►
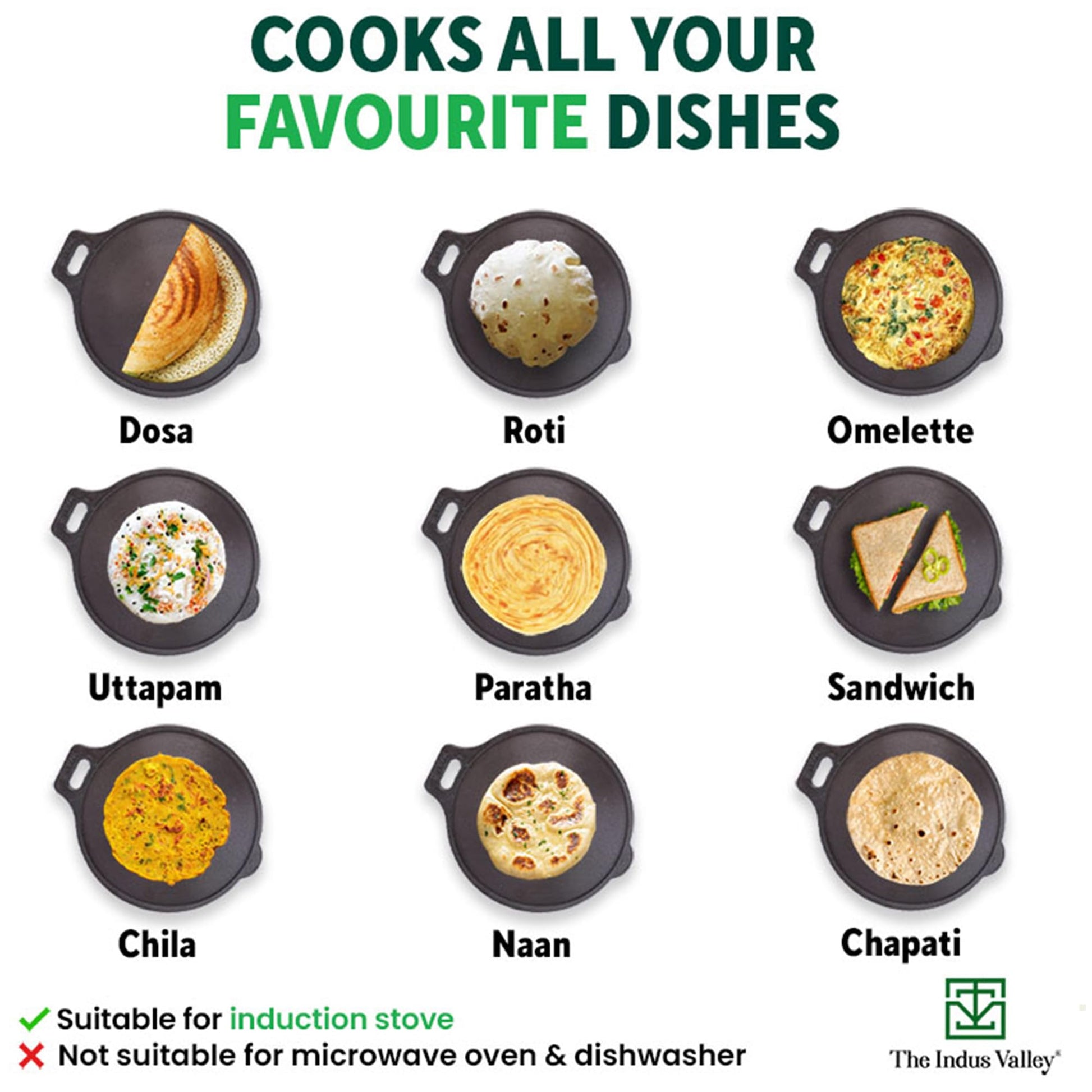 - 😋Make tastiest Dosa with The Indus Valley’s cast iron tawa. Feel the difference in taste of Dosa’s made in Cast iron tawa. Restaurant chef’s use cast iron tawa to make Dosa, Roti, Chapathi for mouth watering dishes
◄
►
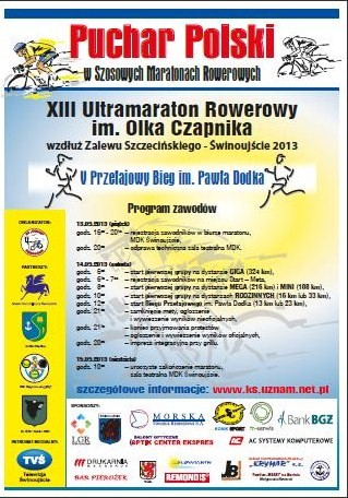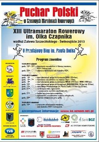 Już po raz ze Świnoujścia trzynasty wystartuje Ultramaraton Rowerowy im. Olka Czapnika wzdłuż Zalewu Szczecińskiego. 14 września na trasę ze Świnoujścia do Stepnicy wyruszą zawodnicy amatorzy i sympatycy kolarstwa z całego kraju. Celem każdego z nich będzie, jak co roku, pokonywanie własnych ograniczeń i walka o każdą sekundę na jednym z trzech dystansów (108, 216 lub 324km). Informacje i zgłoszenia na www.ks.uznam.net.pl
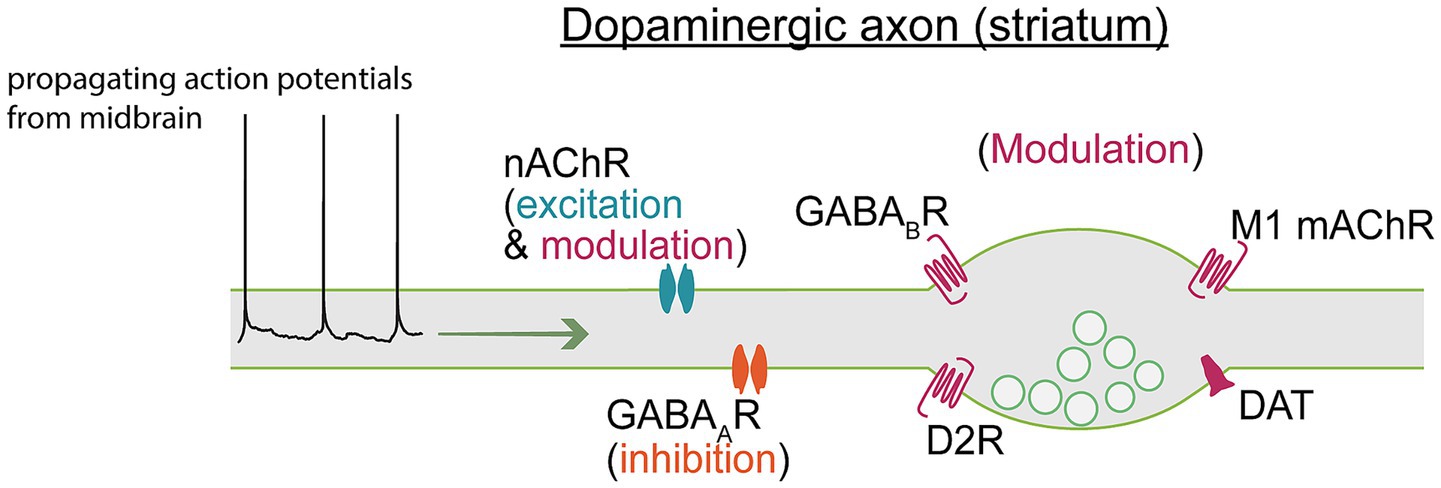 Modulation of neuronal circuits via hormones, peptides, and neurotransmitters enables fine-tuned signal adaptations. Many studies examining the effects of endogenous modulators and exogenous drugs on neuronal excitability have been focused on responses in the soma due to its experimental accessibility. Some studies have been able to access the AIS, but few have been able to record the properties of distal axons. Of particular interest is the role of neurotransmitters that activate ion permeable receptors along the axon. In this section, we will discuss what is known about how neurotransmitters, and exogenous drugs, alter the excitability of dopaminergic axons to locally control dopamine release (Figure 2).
◄
In the records above, copy exactly everything from the line that has "Już po raz ze" down to the line that has "Modulation of neuronal", both ends included, and leave out the pictures.

 Już po raz ze Świnoujścia trzynasty wystartuje Ultramaraton Rowerowy im. Olka Czapnika wzdłuż Zalewu Szczecińskiego. 14 września na trasę ze Świnoujścia do Stepnicy wyruszą zawodnicy amatorzy i sympatycy kolarstwa z całego kraju. Celem każdego z nich będzie, jak co roku, pokonywanie własnych ograniczeń i walka o każdą sekundę na jednym z trzech dystansów (108, 216 lub 324km). Informacje i zgłoszenia na www.ks.uznam.net.pl
 Modulation of neuronal circuits via hormones, peptides, and neurotransmitters enables fine-tuned signal adaptations. Many studies examining the effects of endogenous modulators and exogenous drugs on neuronal excitability have been focused on responses in the soma due to its experimental accessibility. Some studies have been able to access the AIS, but few have been able to record the properties of distal axons. Of particular interest is the role of neurotransmitters that activate ion permeable receptors along the axon. In this section, we will discuss what is known about how neurotransmitters, and exogenous drugs, alter the excitability of dopaminergic axons to locally control dopamine release (Figure 2).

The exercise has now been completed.